# Firemouth Cichlids turned COMPLETELY BLACK! Why?



## snoskiur (Nov 10, 2010)

Hi. I have a 180 gallon FW tank with a mix of cichlids. I added two Firemouth's a month or two ago and within a week they both turned from the normal color to black as the ace-of-spades! One of them has started to get a little lighter, but is still pretty dark and the second one is still black... I keep ph at 7.4, temp at 78, ammonia, nitrite and nitrate are all good, keep cichlid salt in the tank and use Prime. I feed NLSpectrum. Any suggestions?


----------



## bigriver (Dec 2, 2010)

Its a classic sign of stress.Are they being chased around alot? I had jaguar cichlid awhile back that turned all black when he was being chased by my midas as soon as i moved him to his own tank he started to color backup.


----------



## snoskiur (Nov 10, 2010)

Actually, it doesn't look like he's being stressed at all. I've never seen him chased and he acts healthy. Actually, I had two that were black. One of them has now returned to the normal color, most of the time, but the second one is still mostly black. The second one has, however, started to CHANGE colors, somewhat. His bottom fins, around his mouth, and some spots on his body are starting to turn a brownish/orange hue. Interesting.

Any other thoughts?


----------



## Chubbs the Jellybean (Jun 16, 2009)

Post pictures?


----------



## snoskiur (Nov 10, 2010)

Hi... Haven't been on the site for a while, but here I am. The Firemouth that was black for a couple months has gradually started to turn orange. He had small parts that turned orange here and there, and now is almost completely orange colored with a few black remnants. There is no hint of normal color or markings on him from when I got him.

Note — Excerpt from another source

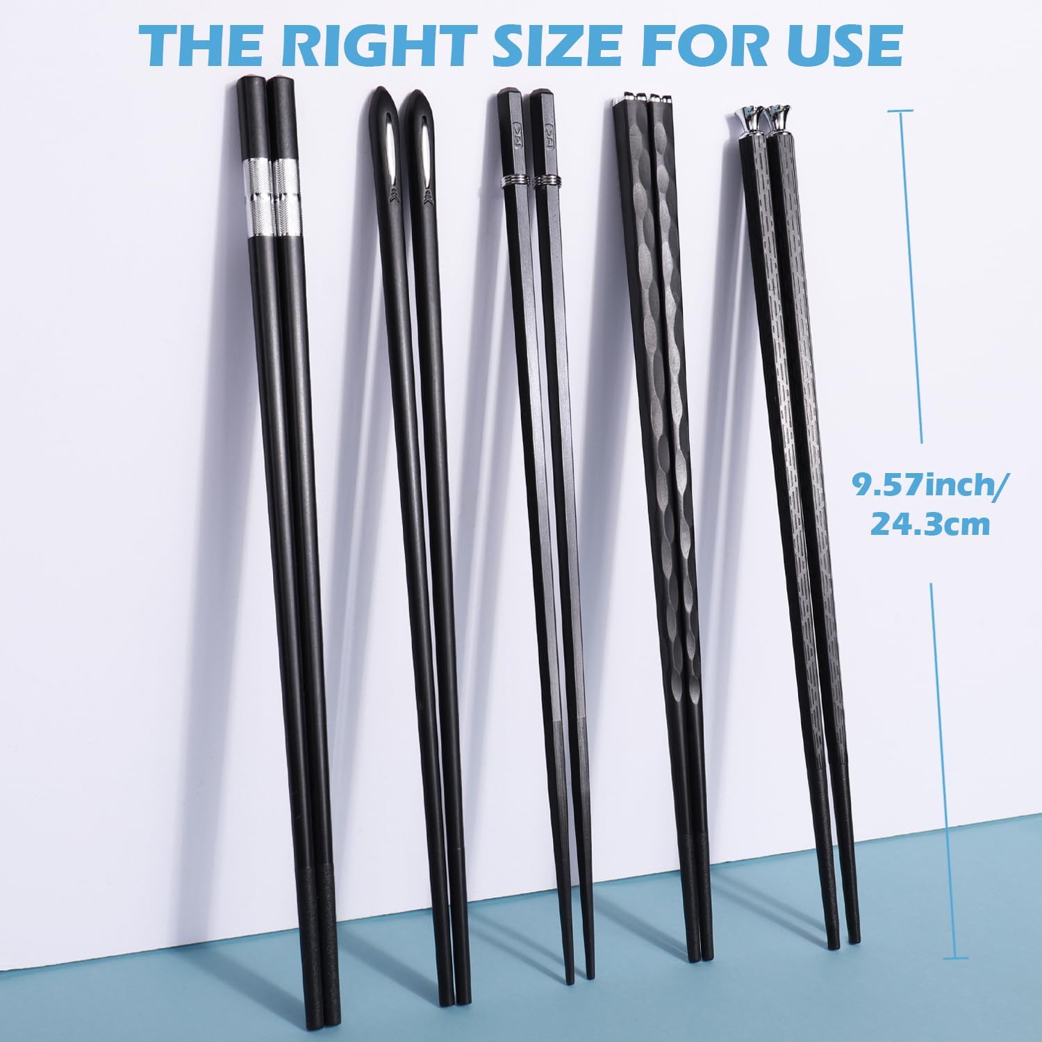 - Value 5 Pairs Chopsticks Set: Our chopsticks set is decorated with 5 unique tops, which are very stylish and modern. It includes 5 pairs of chopsticks in different syles, so that everyone in your family has their own exclusive style, which makes eating more healthy and hygienic.

Still sound like stress? I can't imagine why he'd be stressed; i dont' see him picked on or anything and the water is good...

Any input?


----------



## Ichy (Oct 26, 2003)

sounds like we need pictures

opcorn:


----------



## Ichy (Oct 26, 2003)

sounds like we need pictures

opcorn:


----------



## snoskiur (Nov 10, 2010)

I'll get some on here tomorrow!


----------



## Totalimmortal363 (Jan 10, 2008)

A mix??


----------



## snoskiur (Nov 10, 2010)

OK, here ya go... The first one is how they both looked when i got them, more-or-less, and how the second one still looks. The next ones are when the one in question turned black for a month or more, and the last ones are what he looks like wearing orange!

Thanks!


----------



## PepoLD (Dec 9, 2009)

uhm.. thats not a firemouth.

Orange one looks like a Midas/Red Devil

no clue about the black one


----------



## oldcatfish (May 27, 2009)

Those aren't firemouths...they are Red Devils!


----------



## snoskiur (Nov 10, 2010)

The black and orange are the same fish at different times....


----------



## Chubbs the Jellybean (Jun 16, 2009)

+1 red devils


----------



## snoskiur (Nov 10, 2010)

Ok, maybe I was wrong about the type of fish... Sorry. But, the the fact remains the same; why did one of them turn jet black for a month or two and then gradually turn orange? He other one is still the right color, correct?


----------



## Totalimmortal363 (Jan 10, 2008)

I spy Africans and ca/sa cichlids in those pictures. Is it old fashioned to think that's not the best idea??


----------



## jamesman_1994 (Jun 23, 2009)

could it be a FH or a midas??


----------



## Chubbs the Jellybean (Jun 16, 2009)

It's a rd/Midas for sure. That body shape and color are unmistakable. And yes I'd worry about mixing continents unless you know what you're doing (ie: thefishguy)


----------



## Totalimmortal363 (Jan 10, 2008)

I'm far from an expert but I knew I spied something off, at least I'm not just being old fashioned ha

Wasn't sure if things had changed since I kept Africans


----------



## bpman25 (Oct 21, 2010)

I think it depends on what you keep, I have a buffalo head in with my CAs right now with no issues.


----------



## snoskiur (Nov 10, 2010)

I'm not sure about the mix of fish, I was told the ones I had were good together, but maybe not...? But, still, any idea why that "red devil" turned from normal color, to black, then to red?


----------



## PepoLD (Dec 9, 2009)

Well his fins on the last picture seems a bit battered... so might be stress related.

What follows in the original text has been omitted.